→ TASK PROMPT
From the first line to the last, restate the material word for word; pictures stay out.

→ RAW DATA
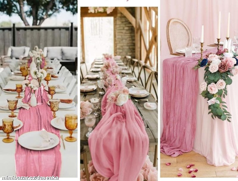 Boho běhoun z gázoviny na slavnostní stůl nebo slavobránu 90 x 300cm růžový.
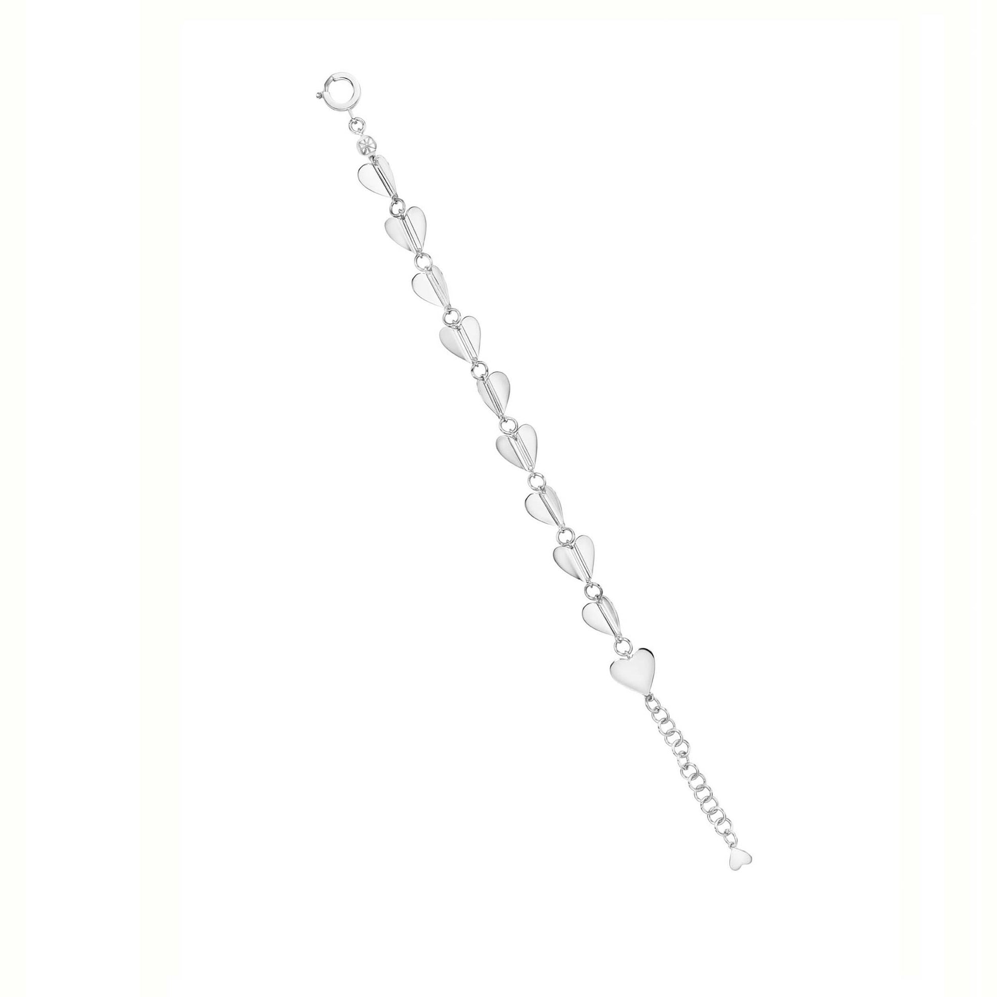 Adorn your wrist with this romantic 18K white gold chain bracelet with 12mm folded hearts. Each polished heart is folded to symbolize the movement of a beating heart and the feeling of being in love. Designed to seamlessly and comfortably meld to the curves of your wrist, this heart bracelet will reflect white light with each graceful gesture of your hand.
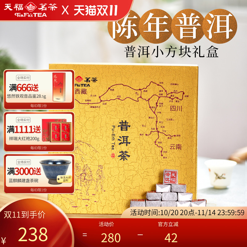 天福茗茶 小方块普洱熟茶紧压茶砖 云南普洱小沱茶小砖茶礼盒384g
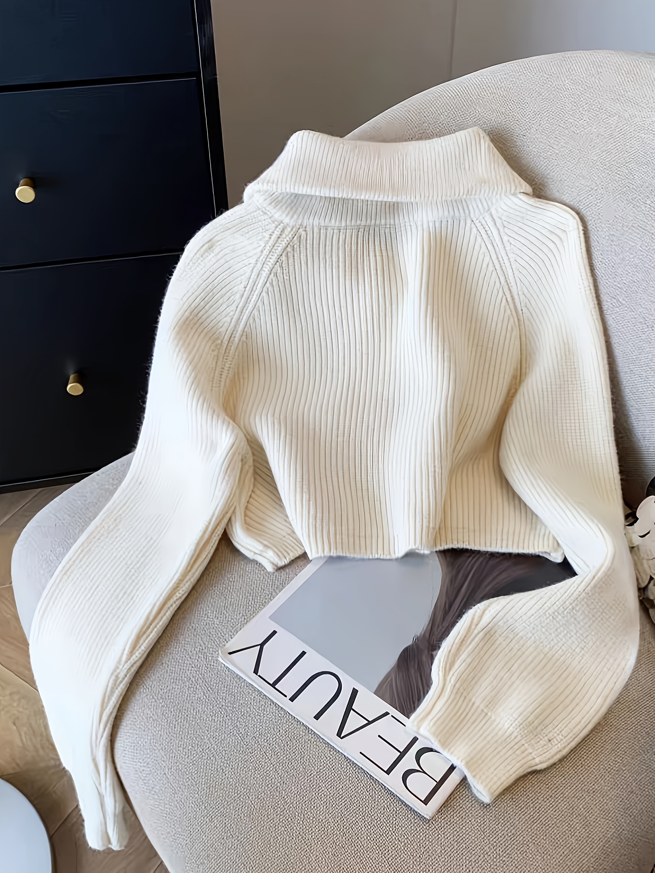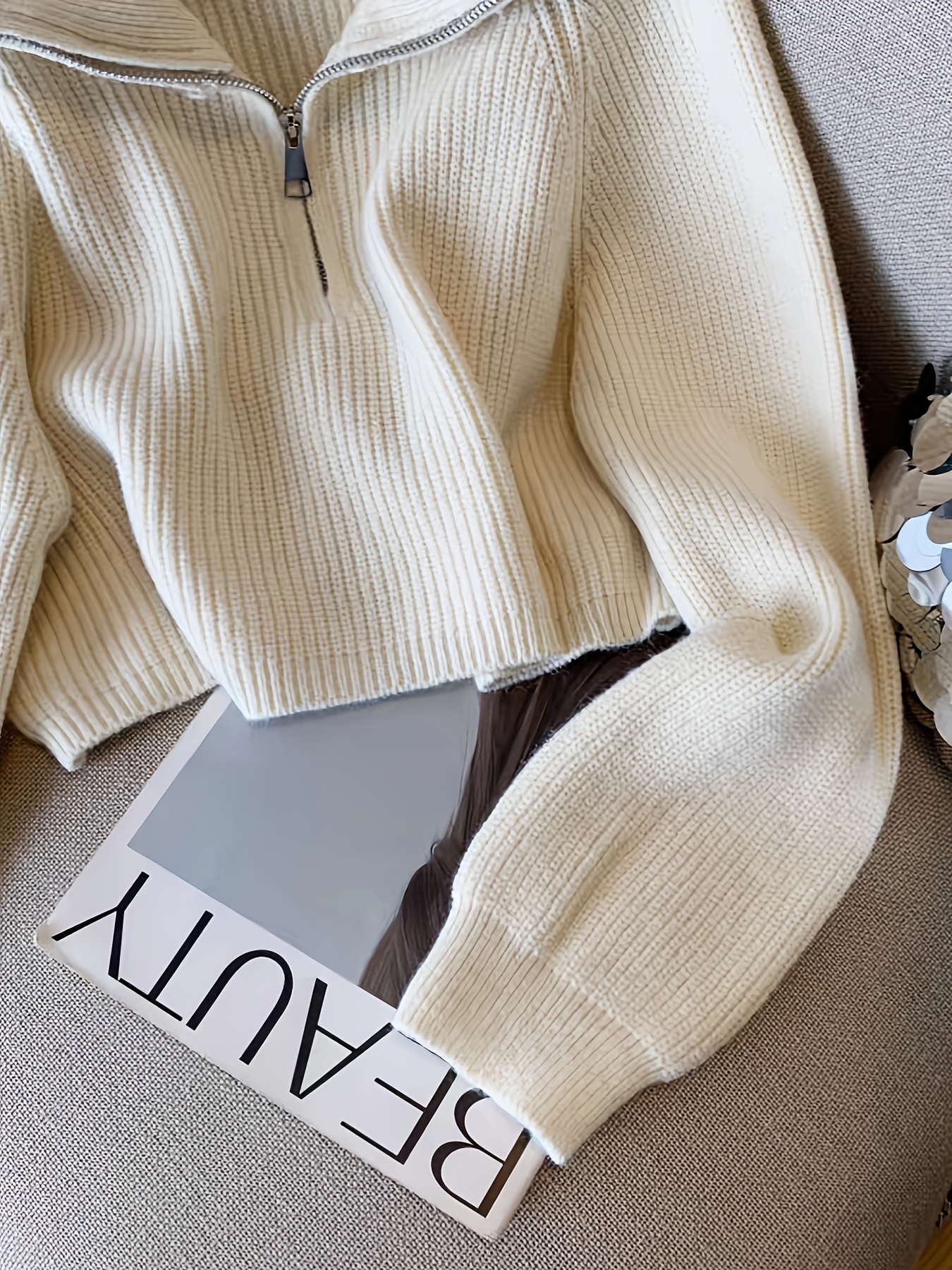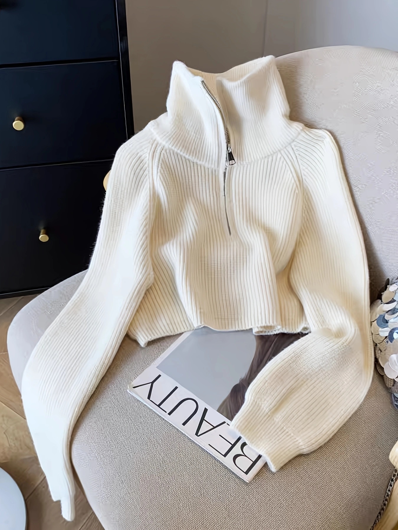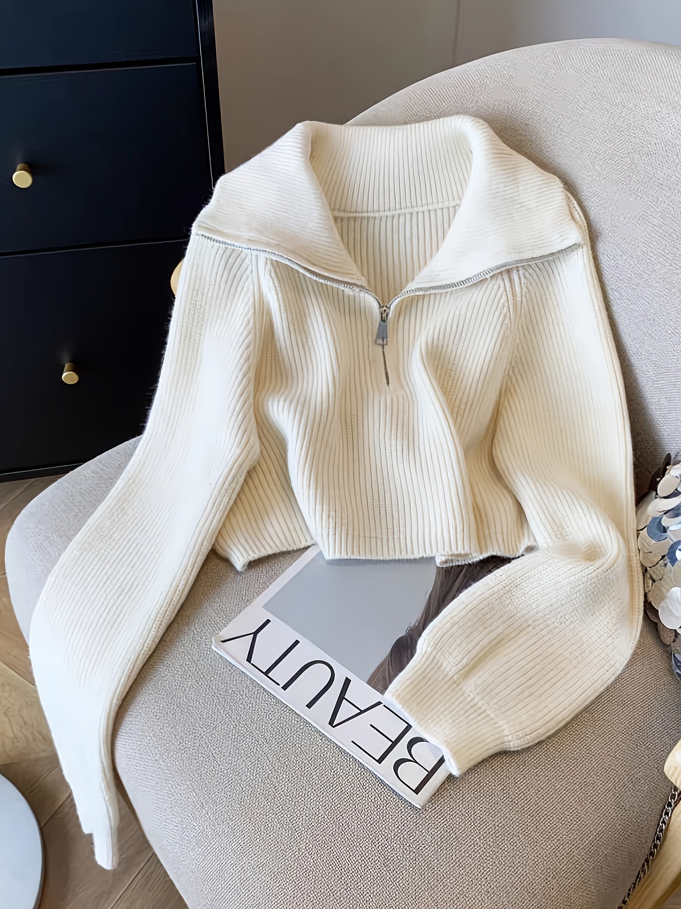 Women's Elegant Ribbed Zip-Up Sweater - Long Sleeve Stand Collar Short Length Slim Fit, Solid Color All-Season Versatile Layering Piece
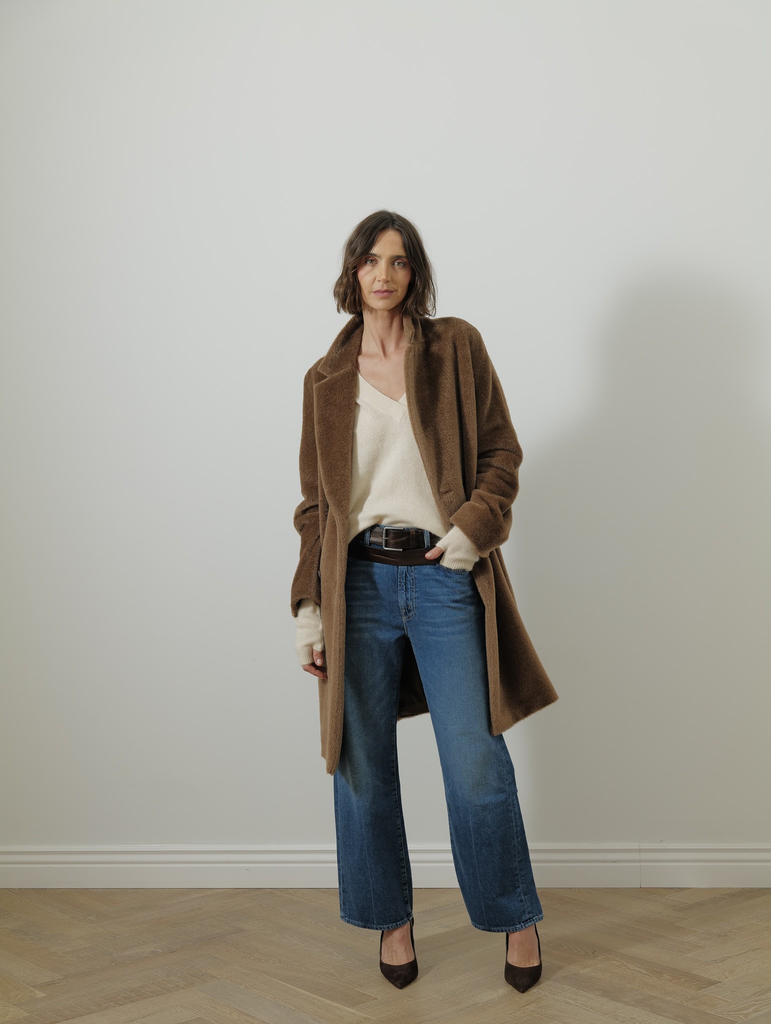 Ce manteau mi-long en mélange d’alpaga et de laine à poils courts se distingue par son coloris beige foncé aux reflets gris subtils. Sa coupe droite ample et son col tailleur lui confèrent une allure élégante et intemporelle. Il présente une fermeture croisée à double boutonnage, deux poches latérales pratiques et une base droite, parfait pour conjuguer chaleur et raffinement.
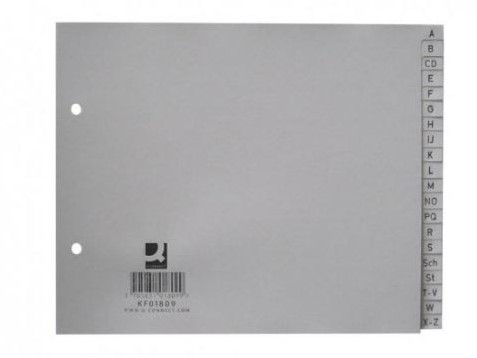 Artikelomschrijving Q-CONNECT tabbladen, ft 18 x 22,5 cm, PP, 2-gaatsperforatie, set van A-Z, grijs
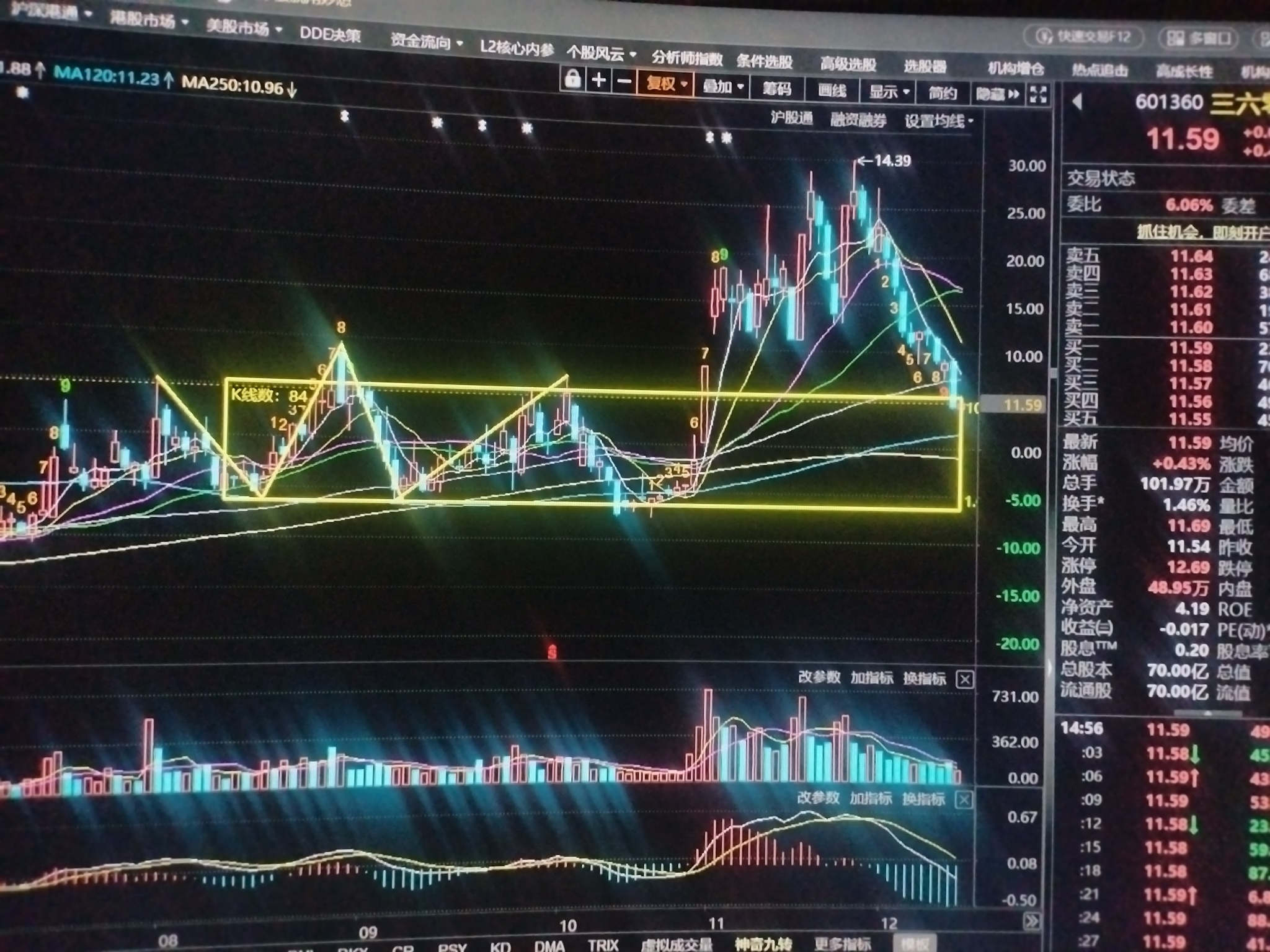 $三六零(SH601360)$ 我感觉在这个位置很盘几日前天跌破中枢,昨天收盘只是上穿中枢整体实柱还在里面,周一能收前两日大阴线底分型停顿,应该是4买阶段出现,强级别出现的话主升浪会出现,跌破中枢那就还跌11块跌破还待10.34,在跌破就等878强支撑位置,我感觉主力不可能在跌建仓大半年过去了应该这个月会大级别突破15元位置

→ RESULT
 Boho běhoun z gázoviny na slavnostní stůl nebo slavobránu 90 x 300cm růžový.
 Adorn your wrist with this romantic 18K white gold chain bracelet with 12mm folded hearts. Each polished heart is folded to symbolize the movement of a beating heart and the feeling of being in love. Designed to seamlessly and comfortably meld to the curves of your wrist, this heart bracelet will reflect white light with each graceful gesture of your hand.
 天福茗茶 小方块普洱熟茶紧压茶砖 云南普洱小沱茶小砖茶礼盒384g
 Women's Elegant Ribbed Zip-Up Sweater - Long Sleeve Stand Collar Short Length Slim Fit, Solid Color All-Season Versatile Layering Piece
 Ce manteau mi-long en mélange d’alpaga et de laine à poils courts se distingue par son coloris beige foncé aux reflets gris subtils. Sa coupe droite ample et son col tailleur lui confèrent une allure élégante et intemporelle. Il présente une fermeture croisée à double boutonnage, deux poches latérales pratiques et une base droite, parfait pour conjuguer chaleur et raffinement.
 Artikelomschrijving Q-CONNECT tabbladen, ft 18 x 22,5 cm, PP, 2-gaatsperforatie, set van A-Z, grijs
 $三六零(SH601360)$ 我感觉在这个位置很盘几日前天跌破中枢,昨天收盘只是上穿中枢整体实柱还在里面,周一能收前两日大阴线底分型停顿,应该是4买阶段出现,强级别出现的话主升浪会出现,跌破中枢那就还跌11块跌破还待10.34,在跌破就等878强支撑位置,我感觉主力不可能在跌建仓大半年过去了应该这个月会大级别突破15元位置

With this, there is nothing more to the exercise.